Hypocrites in the locker room
Conservatives capable of honest comment on the Republican victory in California aren't easy to find, so Steve Chapman deserves special attention today. His unsparing examination of right-wing sexual hypocrisy -- a subject almost impossible to exhaust -- in the cases of Bill Clinton and Arnold Schwarzenegger should shame Chapman's comrades on the right. If the new governor's accusers are telling the truth, he has a long history of what the California penal code describes as "sexual battery," a pattern considerably worse than anything credibly charged against the former president.
Yet Republicans who excoriated Clinton for his consensual misconduct have excused or ignored Schwarzenegger's undenied assaults. Chapman names names, including David Frum, William Bennett, Linda Chavez and the Wall Street Journal editorial page, which went so far as to praise Schwarzenegger for his "candor." (He omitted the awesomely phony Sen. Orrin Hatch, however.)
"Maybe the defenders of virtue exhausted themselves so thoroughly attacking Clinton that they have no energy left to find fault with Schwarzenegger," Chapman writes. "In any event, I have yet to hear a peep of disgust from the major moralists of the right." He knows his comrades all too well, as his stinging kicker proves.
Even if the silence of the pseudo-moralists was no surprise, that doesn't necessarily explain why so many Californians were unfazed by the accusations. My own view is that voters wisely tend to discount late hits. In today's Guardian, Susan Faludi argues that more sinister impulses encouraged the same male voters who despised Bill to defend Arnold.

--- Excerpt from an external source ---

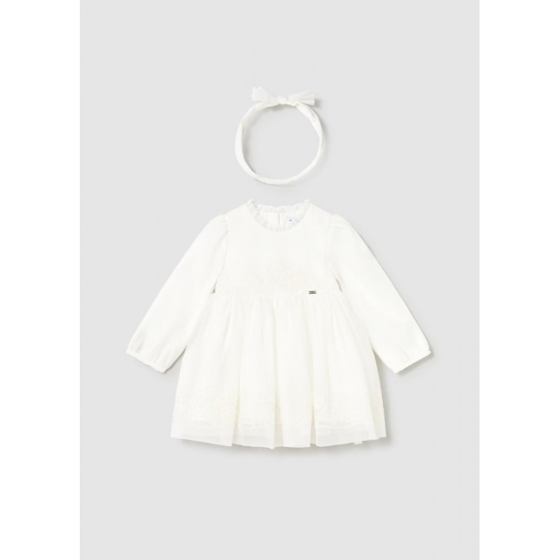 Дитяча сукня з пов'язкою на голову в тон. Дитяча сукня з довгими рукавами. Невидима застібка-блискавка ззаду. Виготовлена з легкого, струмливого фатину. На підкладці. Махровий фасон. Вишита обробка. Цей ексклюзивний виріб призначений для святкувань, подій та особливих випадків. Дитяча пов'язка на голову для церемонії, ідеальний аксесуар для найособливіших випадків.

"Why the difference," Faludi asks, "between the two politicians with the wandering eyes?" And she answers: "At a time of deep economic and international insecurity, the easy power of the bully boy is a siren call to the American male populace, as evidenced by Bush's continuing allure to the very men whose interests are least served by his policies. The locker-room game works as long as only men get to play, and only as long as they agree to play by certain rules. One rule is that sensuality is verboten, but aggressive jocularity is not. Humiliating women in a 'playful' way can signal a rejection of 'the feminine' and a reinforcement of male bonding."
Playful male bonding is probably Jay Leno's excuse for his public groveling toward Schwarzenegger. After the actor's announcement of his candidacy on "The Tonight Show," Leno had a vested interest in his victory, no doubt. But as Nikki Finke explains here, his swing toward the Republican right has gone well beyond any obligation to his friend Arnold. I hope he saw the far funnier and smarter Letterman humiliate him last night.